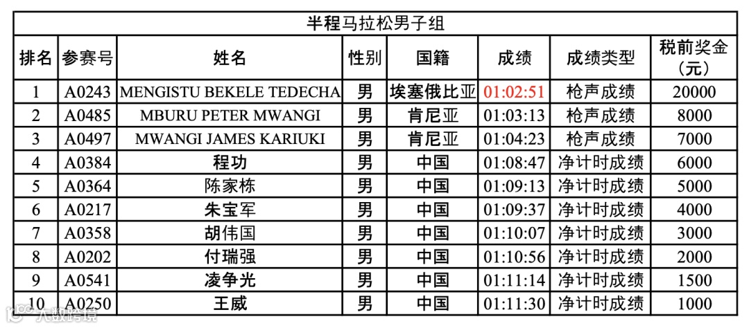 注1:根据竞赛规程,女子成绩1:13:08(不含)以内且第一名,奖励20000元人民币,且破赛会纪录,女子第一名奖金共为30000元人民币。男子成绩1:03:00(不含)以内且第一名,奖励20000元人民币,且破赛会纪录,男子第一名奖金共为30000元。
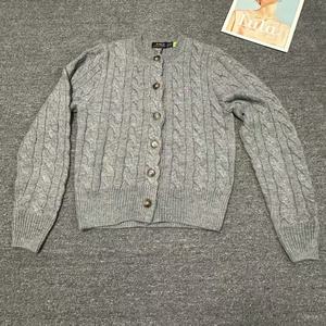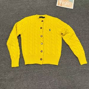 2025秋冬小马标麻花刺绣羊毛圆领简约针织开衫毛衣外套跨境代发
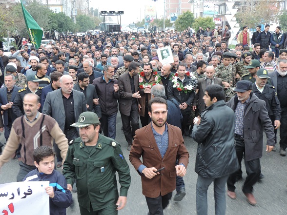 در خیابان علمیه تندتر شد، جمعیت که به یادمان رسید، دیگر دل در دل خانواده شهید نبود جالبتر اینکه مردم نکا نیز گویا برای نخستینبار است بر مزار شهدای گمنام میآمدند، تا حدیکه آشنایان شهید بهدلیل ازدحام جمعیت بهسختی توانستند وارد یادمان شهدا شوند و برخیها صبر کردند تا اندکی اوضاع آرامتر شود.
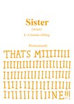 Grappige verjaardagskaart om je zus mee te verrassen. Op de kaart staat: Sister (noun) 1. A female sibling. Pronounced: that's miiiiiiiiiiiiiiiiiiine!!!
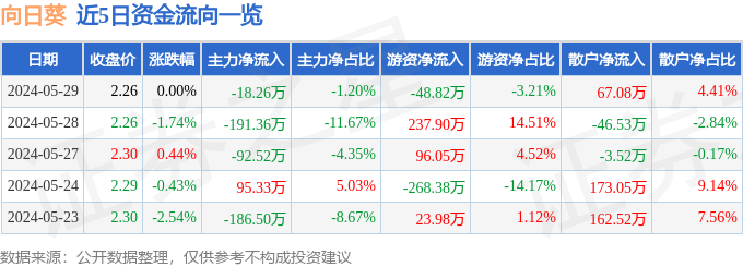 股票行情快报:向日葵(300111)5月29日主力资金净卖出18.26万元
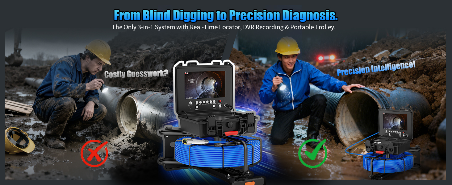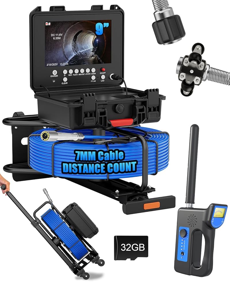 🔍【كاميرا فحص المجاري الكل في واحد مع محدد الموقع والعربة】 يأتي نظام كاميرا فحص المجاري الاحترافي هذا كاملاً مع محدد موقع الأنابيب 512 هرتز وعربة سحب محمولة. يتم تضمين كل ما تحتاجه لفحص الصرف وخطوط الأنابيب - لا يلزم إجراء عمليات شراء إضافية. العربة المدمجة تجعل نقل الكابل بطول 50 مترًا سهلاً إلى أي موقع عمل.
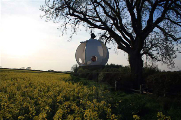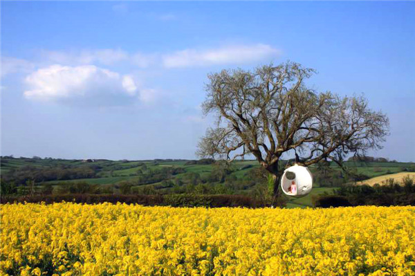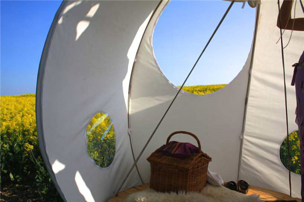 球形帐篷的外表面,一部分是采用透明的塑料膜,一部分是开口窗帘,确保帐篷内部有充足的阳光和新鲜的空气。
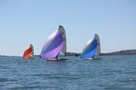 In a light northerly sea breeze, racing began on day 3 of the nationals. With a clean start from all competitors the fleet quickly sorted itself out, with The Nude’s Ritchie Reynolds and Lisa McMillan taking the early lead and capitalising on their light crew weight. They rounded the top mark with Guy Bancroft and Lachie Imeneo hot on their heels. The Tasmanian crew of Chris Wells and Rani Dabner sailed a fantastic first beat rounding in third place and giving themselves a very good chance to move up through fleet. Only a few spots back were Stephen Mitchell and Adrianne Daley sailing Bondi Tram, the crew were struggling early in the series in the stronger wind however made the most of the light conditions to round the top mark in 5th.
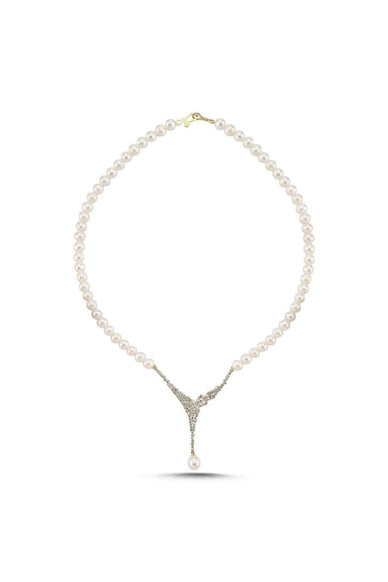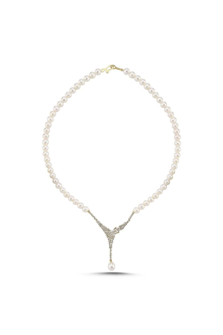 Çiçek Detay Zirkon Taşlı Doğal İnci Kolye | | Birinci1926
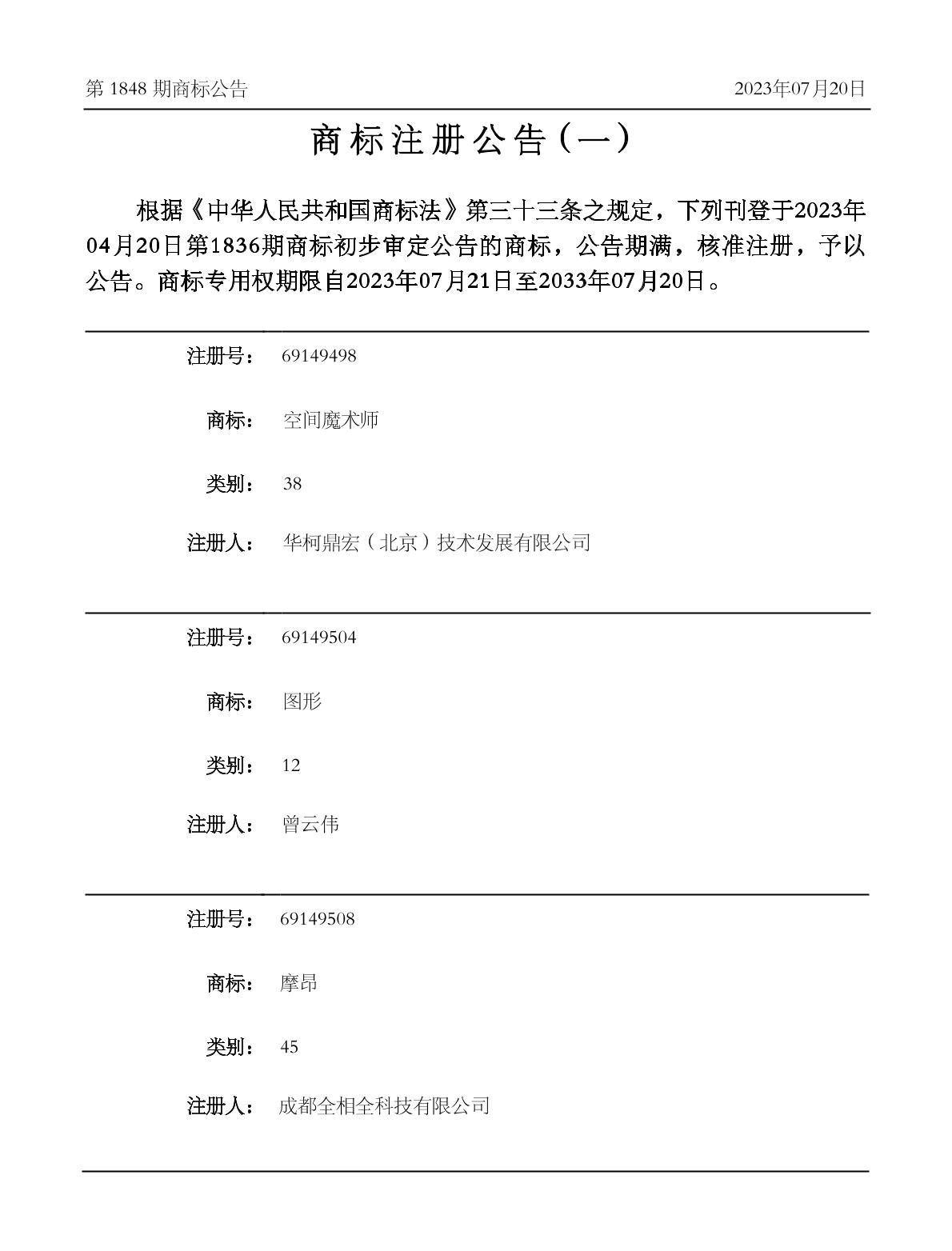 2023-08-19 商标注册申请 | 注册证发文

· · · ·

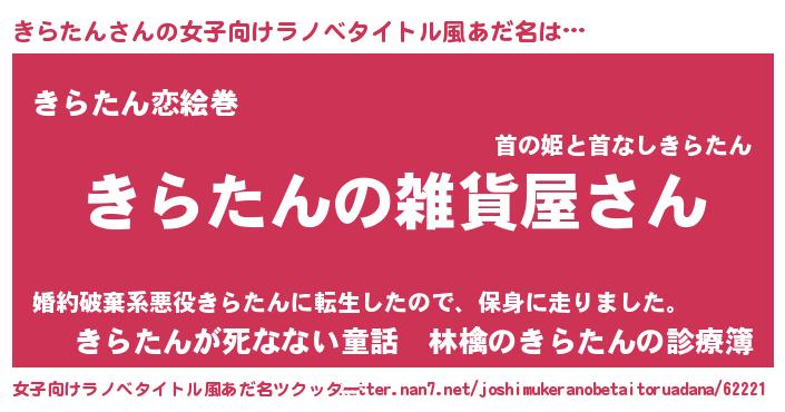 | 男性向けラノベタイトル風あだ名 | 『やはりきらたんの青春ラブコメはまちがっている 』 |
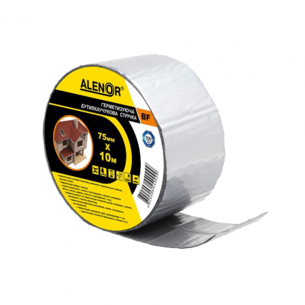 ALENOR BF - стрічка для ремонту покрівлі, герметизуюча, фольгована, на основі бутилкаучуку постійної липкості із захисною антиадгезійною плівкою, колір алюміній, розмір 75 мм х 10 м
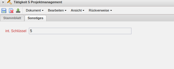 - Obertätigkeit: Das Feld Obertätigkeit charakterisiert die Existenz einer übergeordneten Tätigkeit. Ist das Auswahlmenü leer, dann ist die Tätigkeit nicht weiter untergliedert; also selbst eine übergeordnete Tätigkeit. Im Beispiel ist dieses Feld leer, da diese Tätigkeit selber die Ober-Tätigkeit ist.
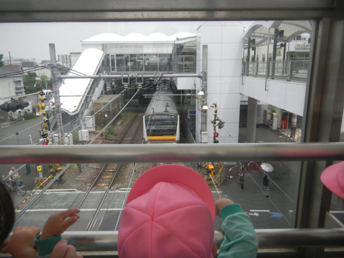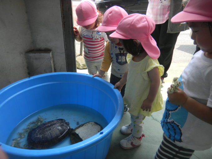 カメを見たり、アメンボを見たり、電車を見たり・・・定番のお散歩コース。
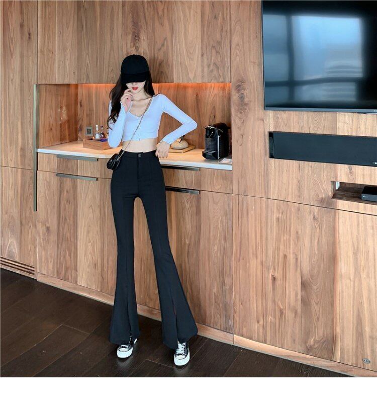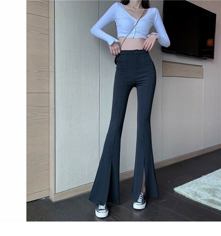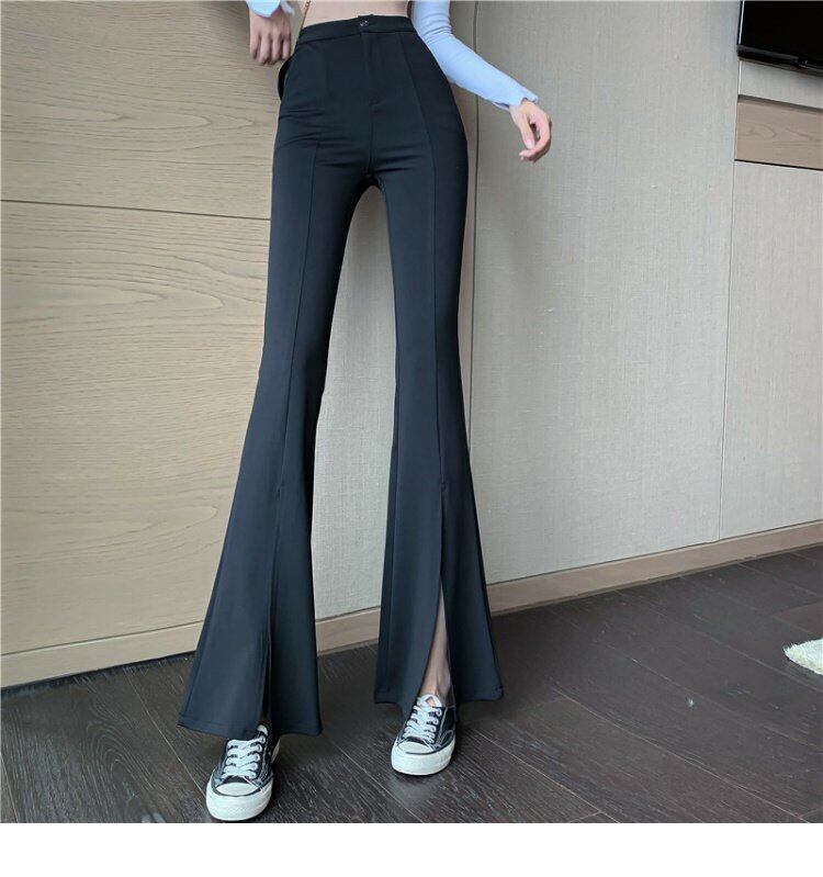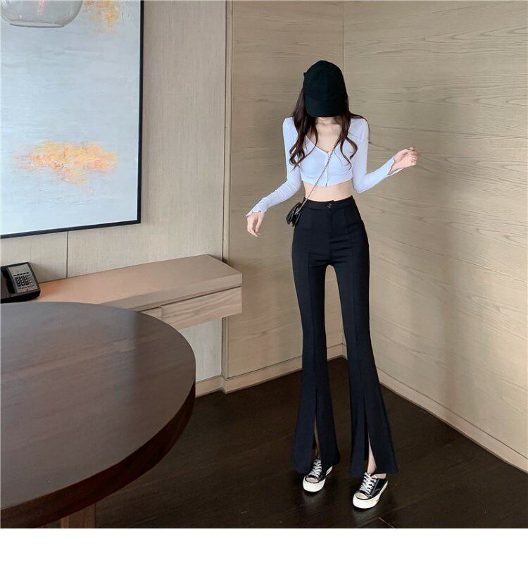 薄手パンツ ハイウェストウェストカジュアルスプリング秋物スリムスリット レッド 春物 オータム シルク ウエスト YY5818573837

· · · ·

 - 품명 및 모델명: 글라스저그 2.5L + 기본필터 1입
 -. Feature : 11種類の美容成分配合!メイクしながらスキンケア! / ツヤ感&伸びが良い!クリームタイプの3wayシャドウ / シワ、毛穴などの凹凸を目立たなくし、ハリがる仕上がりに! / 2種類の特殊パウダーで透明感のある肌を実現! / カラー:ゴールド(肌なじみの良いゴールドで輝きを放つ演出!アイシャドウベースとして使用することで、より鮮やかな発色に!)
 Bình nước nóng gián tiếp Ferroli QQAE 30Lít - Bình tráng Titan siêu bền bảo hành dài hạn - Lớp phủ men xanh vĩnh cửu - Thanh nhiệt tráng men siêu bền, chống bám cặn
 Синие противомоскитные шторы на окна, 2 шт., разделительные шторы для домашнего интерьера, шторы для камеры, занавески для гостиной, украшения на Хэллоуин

· · · ·

What you need to produce is an exact copy of the entries above, limited to the lines from the one with "注1:根据竞赛规程,女子成绩" up to and including the one with "股票行情快报:向日葵(300111)5月29日主力资金净卖出18.26万元", without pictures.

> Answer section
 注1:根据竞赛规程,女子成绩1:13:08(不含)以内且第一名,奖励20000元人民币,且破赛会纪录,女子第一名奖金共为30000元人民币。男子成绩1:03:00(不含)以内且第一名,奖励20000元人民币,且破赛会纪录,男子第一名奖金共为30000元。
 2025秋冬小马标麻花刺绣羊毛圆领简约针织开衫毛衣外套跨境代发
 در خیابان علمیه تندتر شد، جمعیت که به یادمان رسید، دیگر دل در دل خانواده شهید نبود جالبتر اینکه مردم نکا نیز گویا برای نخستینبار است بر مزار شهدای گمنام میآمدند، تا حدیکه آشنایان شهید بهدلیل ازدحام جمعیت بهسختی توانستند وارد یادمان شهدا شوند و برخیها صبر کردند تا اندکی اوضاع آرامتر شود.
 Grappige verjaardagskaart om je zus mee te verrassen. Op de kaart staat: Sister (noun) 1. A female sibling. Pronounced: that's miiiiiiiiiiiiiiiiiiine!!!
 股票行情快报:向日葵(300111)5月29日主力资金净卖出18.26万元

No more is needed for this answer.